* Source records
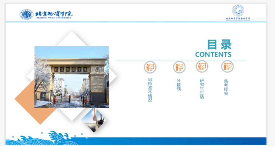 会上,本科就读于临沂大学,研究生考入北京物资学院会计专硕的崔玉箫同学就物资学院的基本情况等进行分享。崔同学详细介绍了北京物资学院导师基本情况、会计专硕历年分数线、研究生生活及备考经验几个方面,并对北京物资学院研究生奖助政策、校园环境及各地研究生人才引进政策进行了详细介绍。
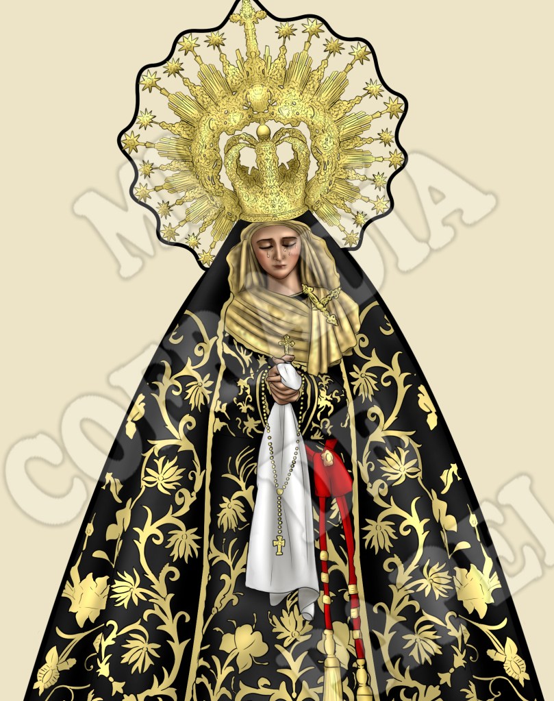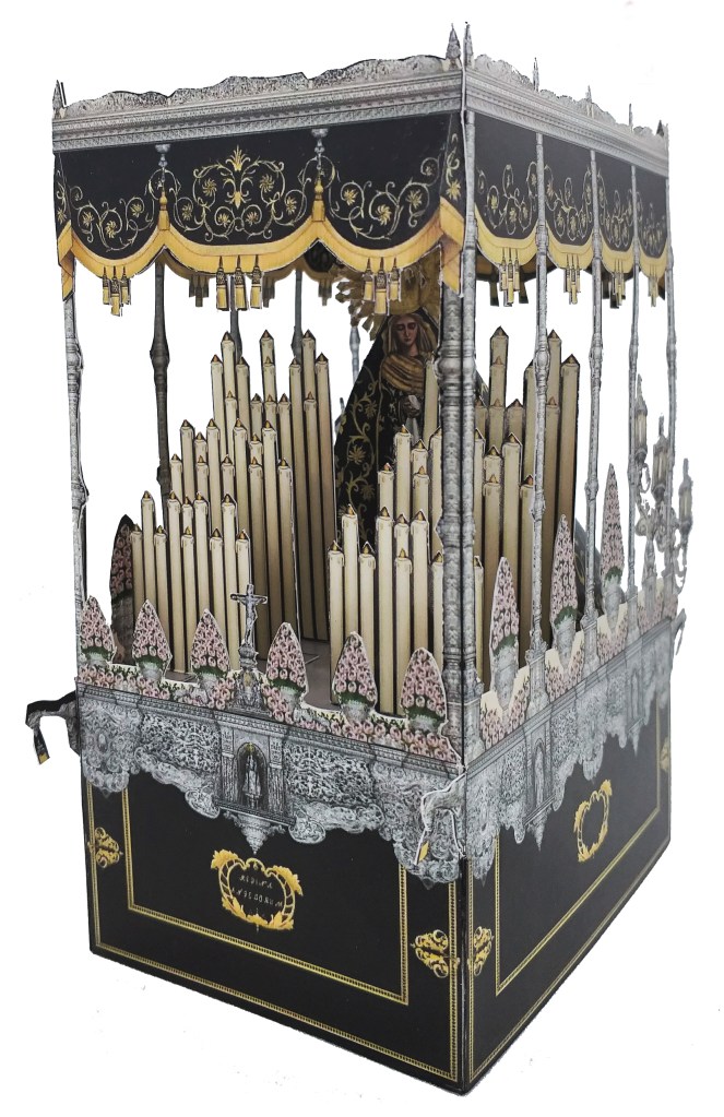Recortable del paso de palio de Mª Stma del Consuelo, titular de la Cofradía del Silencio de Almería. Este recortable refleja una peculiaridad del paso de esta dulce dolorosa, y es que cuenta con diez varales en vez de los doce habituales.
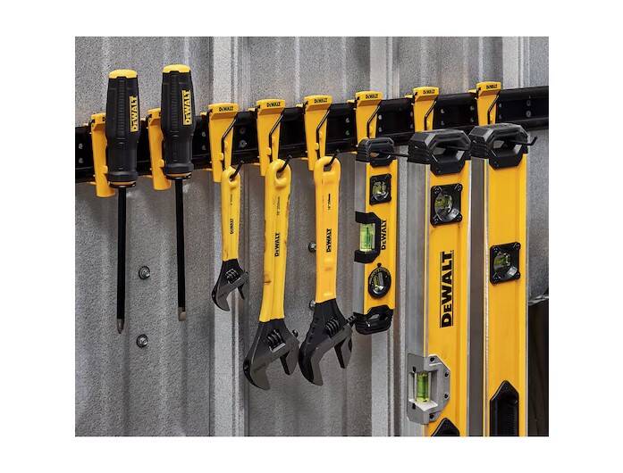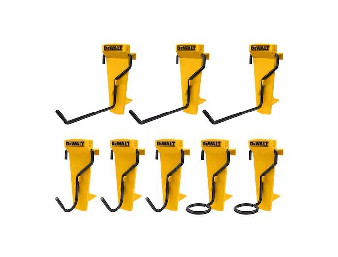 The DEWALT 8pc Hand Tool Hook Set is part of the DEWALT Workshop Storage System and mounts directly to DEWALT Metal rail. It includes three different hook types to help store a variety of different hand tools and accessories. The hooks snap easily onto the DEWALT Metal rail for easy installation. They are constructed of heavy-duty composite plastic for a weight capacity up to 5 lbs per hook to support a wide variety of hand tools and accessories.
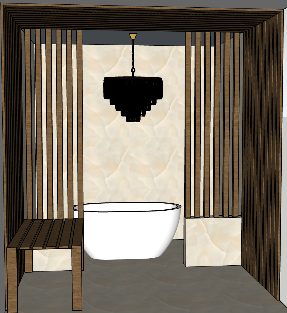 make the space with a spa ambiance remove window add soft glow ligth
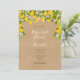 Med citronblommor och grönska kan denna stilrena botaniska inbjudan till övningsmiddag anpassas med din speciella evenemangsinformation på en rustik kraftbakgrund. Designad av Thisisnotme©
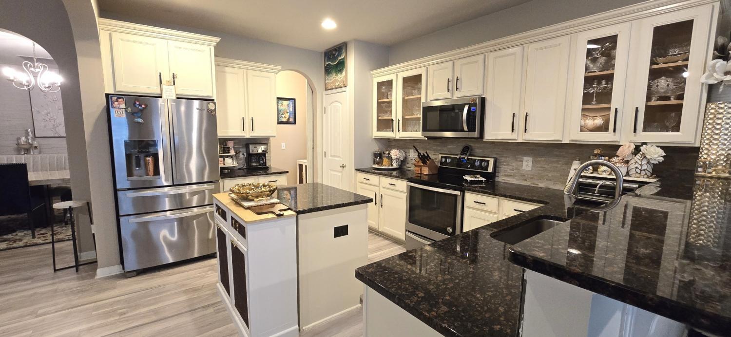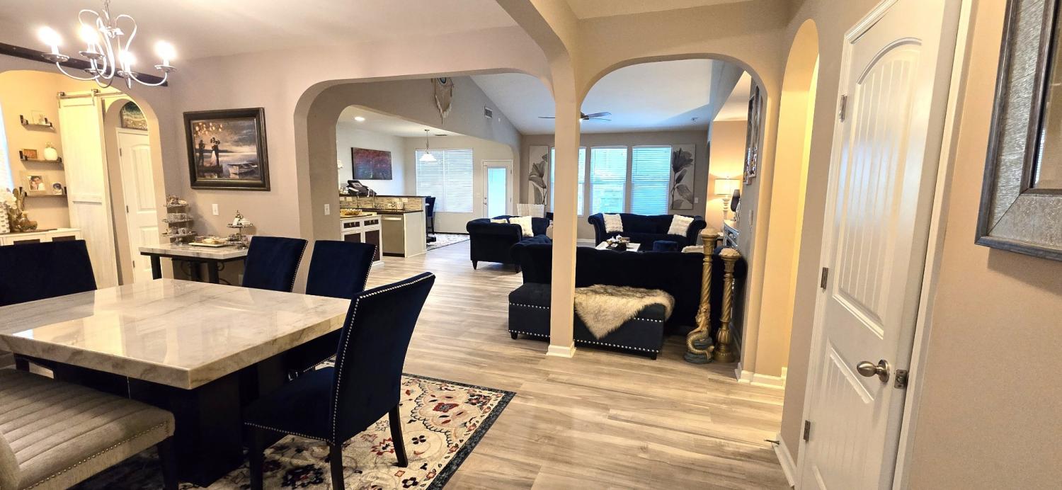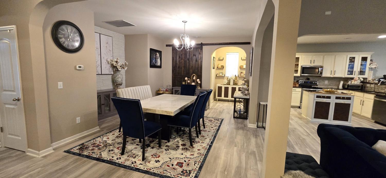 Immaculate one-level home featuring an open layout with soaring ceilings and abundant natural light. Spacious kitchen with granite countertops, stainless steel appliances, and newly installed Luxury Laminate Flooring throughout main living areas. Luxury owner’s suite with spa-like bath and walk-in closet. Four sides brick exterior with side-entry two-car garage. Move-in ready and designed for comfortable living and effortless entertaining.

* Problem to work on
Without including any picture, restate every entry above exactly.

* Task output
 会上,本科就读于临沂大学,研究生考入北京物资学院会计专硕的崔玉箫同学就物资学院的基本情况等进行分享。崔同学详细介绍了北京物资学院导师基本情况、会计专硕历年分数线、研究生生活及备考经验几个方面,并对北京物资学院研究生奖助政策、校园环境及各地研究生人才引进政策进行了详细介绍。
Recortable del paso de palio de Mª Stma del Consuelo, titular de la Cofradía del Silencio de Almería. Este recortable refleja una peculiaridad del paso de esta dulce dolorosa, y es que cuenta con diez varales en vez de los doce habituales.
 The DEWALT 8pc Hand Tool Hook Set is part of the DEWALT Workshop Storage System and mounts directly to DEWALT Metal rail. It includes three different hook types to help store a variety of different hand tools and accessories. The hooks snap easily onto the DEWALT Metal rail for easy installation. They are constructed of heavy-duty composite plastic for a weight capacity up to 5 lbs per hook to support a wide variety of hand tools and accessories.
 make the space with a spa ambiance remove window add soft glow ligth
 Med citronblommor och grönska kan denna stilrena botaniska inbjudan till övningsmiddag anpassas med din speciella evenemangsinformation på en rustik kraftbakgrund. Designad av Thisisnotme©
 Immaculate one-level home featuring an open layout with soaring ceilings and abundant natural light. Spacious kitchen with granite countertops, stainless steel appliances, and newly installed Luxury Laminate Flooring throughout main living areas. Luxury owner’s suite with spa-like bath and walk-in closet. Four sides brick exterior with side-entry two-car garage. Move-in ready and designed for comfortable living and effortless entertaining.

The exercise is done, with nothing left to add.